PBMCs of donor responding to the Ply peptide pool were stimulated with PlyD1 at 1 μg/ml in complete AIM-V at 37°C in 5% CO₂. After 7 days of expansion, stimulated T cells were diluted to nearly single cells and cultured in the presence of gamma-irradiated feeder cells at 1.5 × 10⁵ PBMC/well and phytohemagglutinin at 1 μg/ml in 96-well plates at 37°C in 5% CO₂ for 2 to 3 weeks.
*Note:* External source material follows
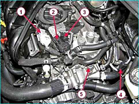 Дополнительно отсоединить разъемы жгута проводов двигателя: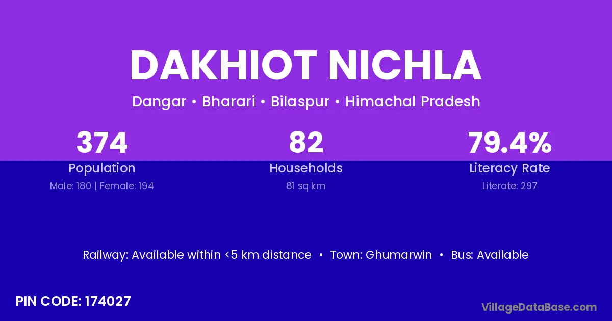 Dakhiot Nichla village has a total population of 374 people, of which 180 are males and 194 are females.

Expanding T-cell cultures from plates with <36% cell outgrowth were considered potentially clonal and were evaluated for reactivity to whole protein stimulation with autologous APC before assessing the epitope specificity through peptide stimulations.
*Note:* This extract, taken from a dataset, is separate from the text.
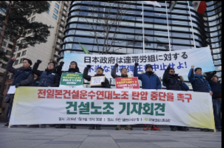 > 韓国の建設労組(5万人)が1月9日、抗議書簡を手渡すために

Restriction analysis of CD4⁺ T-cell clone.

MHC restriction of Ply_235–252-specific CD4⁺ T-cell clone 216-8E was assessed by measuring proliferation after whole protein stimulation using autologous or HLA-typed B-LCL as APCs. APCs were mock pulsed or pulsed with PlyD1 at 1 μg/ml overnight at 37°C in 5% CO₂, washed, fixed using 0.25% paraformaldehyde solution for 10 min at room temperature, and washed with 0.2 M glycine solution. Anti-HLA-DR (B8.11-2; in-house), anti-HLA-DQ (SPV-L3; in-house), or anti-HLA-DP (B7/21; Leinco Technologies, Fenton, MO, USA) blocking antibody was used to confirm the restricting element of clone 216-8E. T-cell receptor Vα and Vβ sequencing confirmed clonality of Ply_235–252-specific CD4⁺ T-cell clone 216-8E.

Generation of moDCs.

PBMCs were thawed, plated at 40 × 10⁶ cells per T75 flask in Iscove’s modified defined medium (IMDM; Gibco, Life Technologies) containing 1% FCS and 1% penicillin-streptomycin (Gibco, Life Technologies), and incubated at 37°C in 5% CO₂. Monocytes were isolated using plastic adherence and cultured as follows. Nonadherent cells were removed after 2 h, and adherent cells were washed once with phosphate-buffered saline. IMDM containing 1% FCS, 1% penicillin-streptomycin, IL-4 (500 U/ml; PeproTech, Rocky Hill, NJ, USA), and granulocyte-macrophage colony-stimulating factor (500 U/ml; PeproTech) was added to adherent cells. Monocytes were differentiated into monocyte-derived dendritic cells (moDCs) for 5 days.

Flow cytometry.

Flow cytometric analysis was used to determine intracellular cytokines produced by the CD4⁺ T-cell clone 216-8E after 6 or 26 h of exposure to moDCs loaded with heat-inactivated TIGR4_ΔCPS (10⁷ culture-forming units/ml), PlyD1 (1 μg/ml), or no antigen as a control. In the last 4 h of stimulation, brefeldin A (BD Bioscience, San Jose, CA, USA) was added to capture intracellular cytokines. Cells were stained using fixable live/dead dye (ZombieNIR; BioLegend, San Diego, CA, USA) for 10 min at room temperature. After washing, surface proteins were stained using anti-human CD3 (SK7), CD4 (OKT4), and CD8 (SK1; all from BioLegend) antibodies for 20 min at 4°C. Cells were fixed and permeabilized using a fixation/permeabilization kit (eBioscience, San Diego, CA, USA) according to the manufacturer’s protocol, followed by staining with anti-human IFN-γ (B27), TNF-α (Mab11), IL-17A (BL168) (all from BioLegend), and IL-4 (MP4-25D2; BD, Franklin Lakes, NJ, USA). Cells were measured using the fluorescence-activated cell sorter LSRFortessa X-20 (BD).

Data availability.

The data generated or analyzed in this study are available from the corresponding author on reasonable request.